Records contained in a dataset:
============================================================
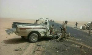 وقال مصدر محلي لموقع ” متابعات ” : أن سيارة من نوع ” هيلوكس ” اصطدمت في أحد أطقم تحالف العدوان في منطقة الوضيح شمال شرق صافر كانوا في طريقهم من الوديعة إلى مأرب ما أدى إلى وفاة أربعة مواطنين ممن كانوا على السيارة الهايلوكس فيما لقي 3 ضباط اماراتيين مصارعهم وجرح آخرين حالة أحدهم بالخطرة .
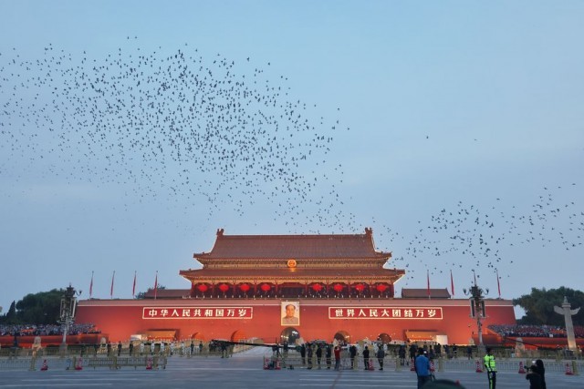 礼毕,国旗升至旗杆顶端,万羽和平鸽翱翔天空,绕着广场盘旋,在军乐团《歌唱祖国》的乐曲中,“祖国万岁!”“我爱你祖国!”“生日快乐!”呐喊声此起彼伏,大家久久不愿离去。
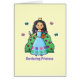 ¡La princesa que cultiva un huerto sostiene una espada de jardín y una maceta llenas de flores bonitas! La princesa perfecta para los chicas que aman el cultivar un huerto.
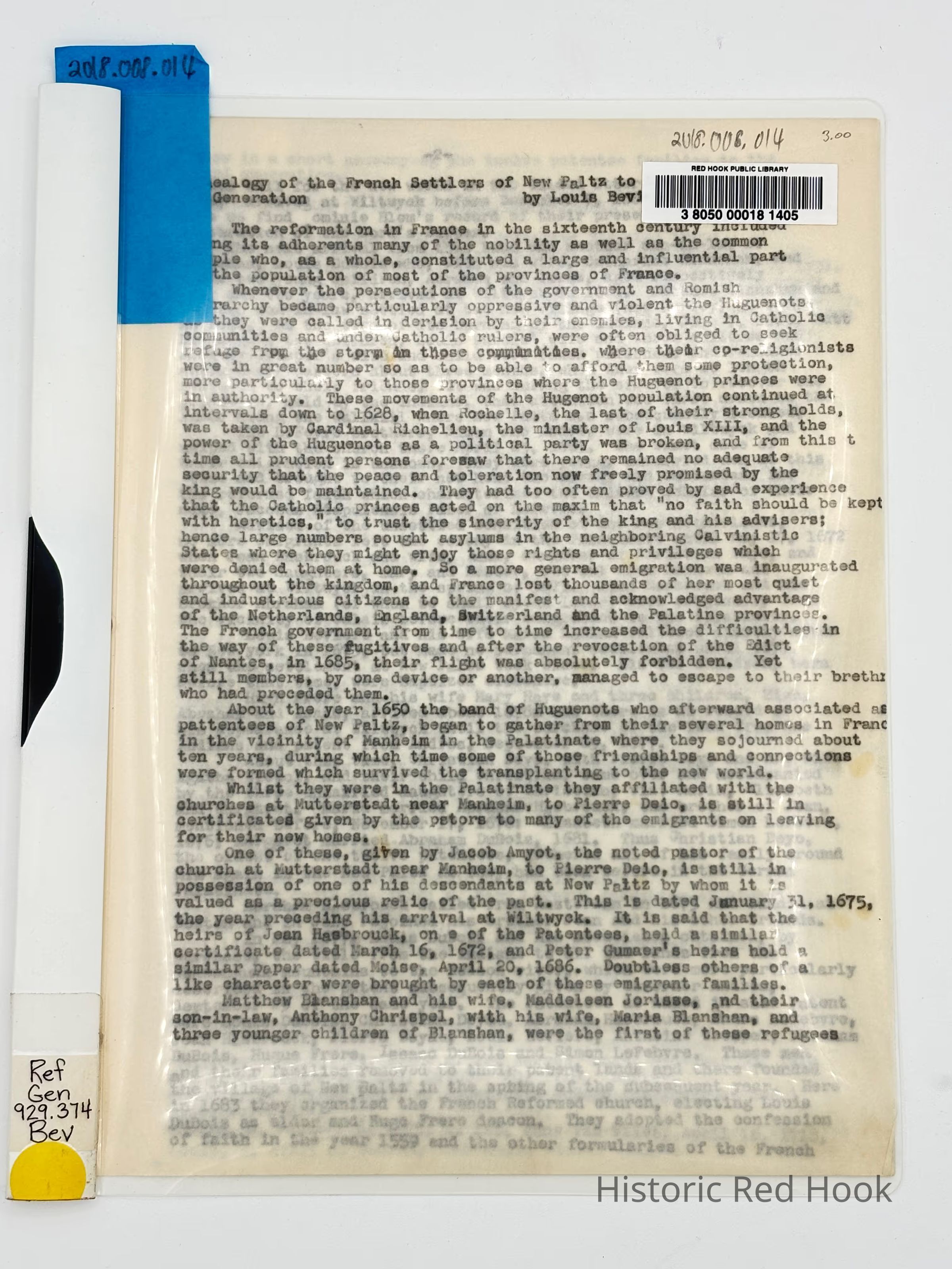 A thin typewritten record which starts with European historical background and description of emigration eventually to New Paltz.
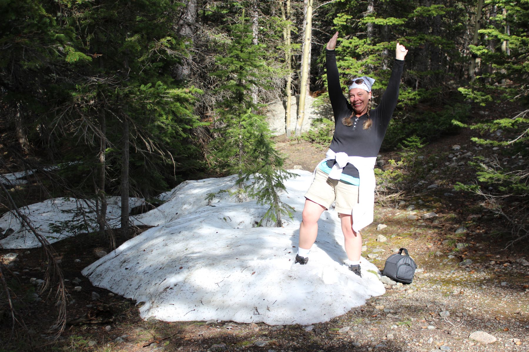 On the way back down, singing, “I love going downhill. I love going downhill,” we ran into a couple of Park Rangers who were a little surprised that some of us made it all the way up to Emerald Lake, because of all the late-in-the-season snow still left on the trail. We also pondered the bravery, expressions of misery, and altitude fatigue of tennis-shoe and t-shirt dressed families whose fathers carried wee children and babies in shaded, framed enclosures like donkeys.
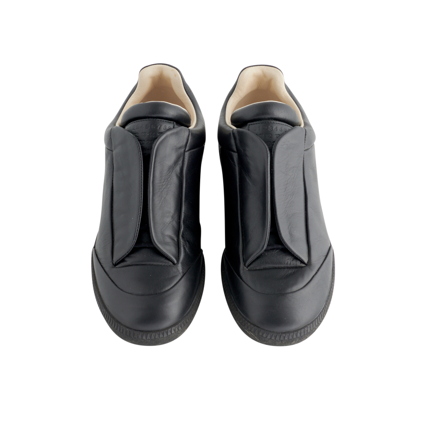 MAISON MARGIELA, PAIR OF SNEAKERS IN BLACK LEATHER WITH WHITE LEATHER INNER, MARKED SIZE 40
============================================================
The expected output is the lines above from the one containing "cultivar un huerto." to the one containing "On the way back", both ends included, reproduced exactly with every picture left out.

 ¡La princesa que cultiva un huerto sostiene una espada de jardín y una maceta llenas de flores bonitas! La princesa perfecta para los chicas que aman el cultivar un huerto.
 A thin typewritten record which starts with European historical background and description of emigration eventually to New Paltz.
 On the way back down, singing, “I love going downhill. I love going downhill,” we ran into a couple of Park Rangers who were a little surprised that some of us made it all the way up to Emerald Lake, because of all the late-in-the-season snow still left on the trail. We also pondered the bravery, expressions of misery, and altitude fatigue of tennis-shoe and t-shirt dressed families whose fathers carried wee children and babies in shaded, framed enclosures like donkeys.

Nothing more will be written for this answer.